Input data
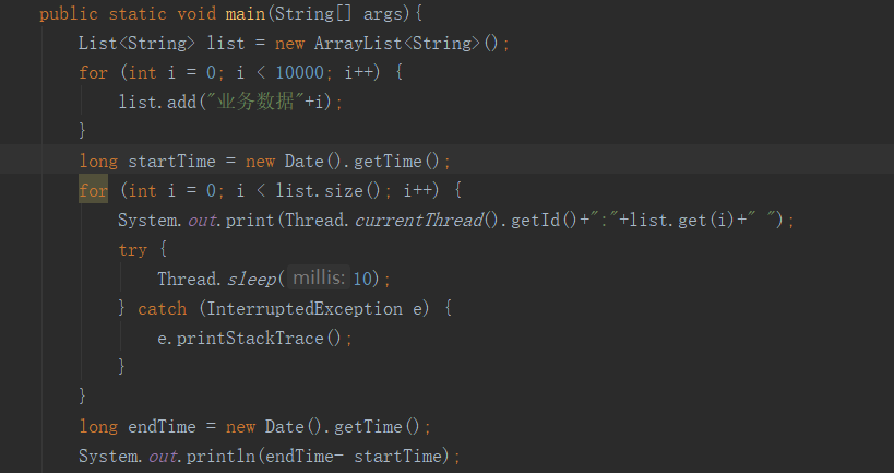 处理10000条数据,每次业务处理假设消耗10ms,总用时107857ms
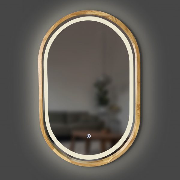- LED-Spiegel in Holzrahmen (optional: Sensor, Dimmer, Entfeuchter, Heizung)
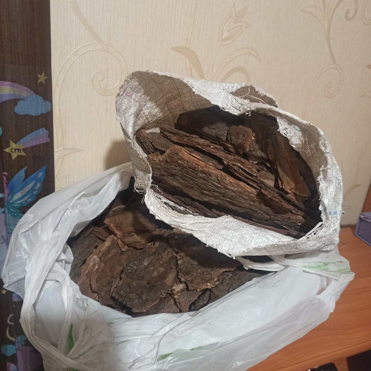 Разбирая свои бурундучьи закрома в цветочном хозяйстве обнаружила старые запасы сосновой коры, набранной в лесу пару лет назад.
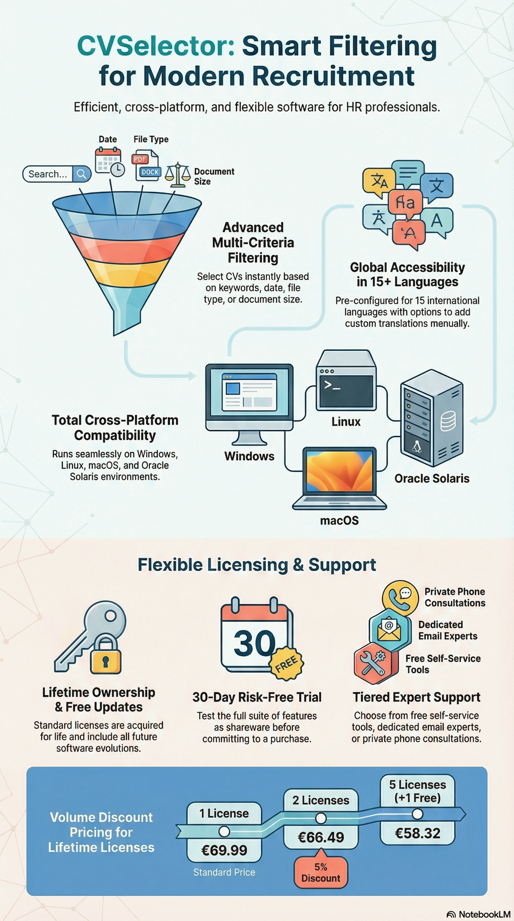 | | CVSelector software, developed by EuropeSoftwares, is a file selection utility. | | This powerful tool allows you to select files based on various criteria, such as date, type, or size. It offers increased flexibility and efficiency to manage your documents through an intuitive interface. Whether you're a professional or a casual user, this system optimizes file management. | | Keyword-based screening software allows you to efficiently sort resumes by analyzing each document according to specific search criteria. Only documents that meet these criteria precisely are selected, simplifying the process for users. This system saves recruiters a lot of time by making it easier to select targeted applications from a large number of people. | | The software is available in 15 international languages, making it accessible to a wide range of users around the world. It offers an intuitive interface tailored to specific communication needs, and allows for the manual addition of other languages for greater flexibility. This multilingual feature makes it an essential tool for businesses looking to expand their overall reach and improve user engagement. | | The software offer includes new versions and evolutions at no additional cost, always guaranteeing the latest improvements to customers. Only support services that require expensive labor can be charged, with these costs adjusted according to specific demand. This transparent and flexible approach aims to deliver optimal value and enable efficient budget management without surprises. | | EuropeSoftwares offers unlimited free tools to optimize the productivity and efficiency of its users. These high-quality solutions are aimed at simplifying processes in various areas such as project management or software development. Take advantage of this opportunity to improve your technical skills and the quality of your projects without restrictions. | | | | EuropeSoftwares strives to improve the accessibility of its products by focusing on the simplicity and efficiency of their design. Their goal is to ensure that their software is quickly and intuitively used for all users, regardless of their technical level. By adopting a user-centric approach, they aim to democratize access to digital tools to make their products easily manageable by all. |

Task directions
Reproduce the material exactly; omit the pictures.

Problem solution
 处理10000条数据,每次业务处理假设消耗10ms,总用时107857ms
- LED-Spiegel in Holzrahmen (optional: Sensor, Dimmer, Entfeuchter, Heizung)
 Разбирая свои бурундучьи закрома в цветочном хозяйстве обнаружила старые запасы сосновой коры, набранной в лесу пару лет назад.
 | | CVSelector software, developed by EuropeSoftwares, is a file selection utility. | | This powerful tool allows you to select files based on various criteria, such as date, type, or size. It offers increased flexibility and efficiency to manage your documents through an intuitive interface. Whether you're a professional or a casual user, this system optimizes file management. | | Keyword-based screening software allows you to efficiently sort resumes by analyzing each document according to specific search criteria. Only documents that meet these criteria precisely are selected, simplifying the process for users. This system saves recruiters a lot of time by making it easier to select targeted applications from a large number of people. | | The software is available in 15 international languages, making it accessible to a wide range of users around the world. It offers an intuitive interface tailored to specific communication needs, and allows for the manual addition of other languages for greater flexibility. This multilingual feature makes it an essential tool for businesses looking to expand their overall reach and improve user engagement. | | The software offer includes new versions and evolutions at no additional cost, always guaranteeing the latest improvements to customers. Only support services that require expensive labor can be charged, with these costs adjusted according to specific demand. This transparent and flexible approach aims to deliver optimal value and enable efficient budget management without surprises. | | EuropeSoftwares offers unlimited free tools to optimize the productivity and efficiency of its users. These high-quality solutions are aimed at simplifying processes in various areas such as project management or software development. Take advantage of this opportunity to improve your technical skills and the quality of your projects without restrictions. | | | | EuropeSoftwares strives to improve the accessibility of its products by focusing on the simplicity and efficiency of their design. Their goal is to ensure that their software is quickly and intuitively used for all users, regardless of their technical level. By adopting a user-centric approach, they aim to democratize access to digital tools to make their products easily manageable by all. |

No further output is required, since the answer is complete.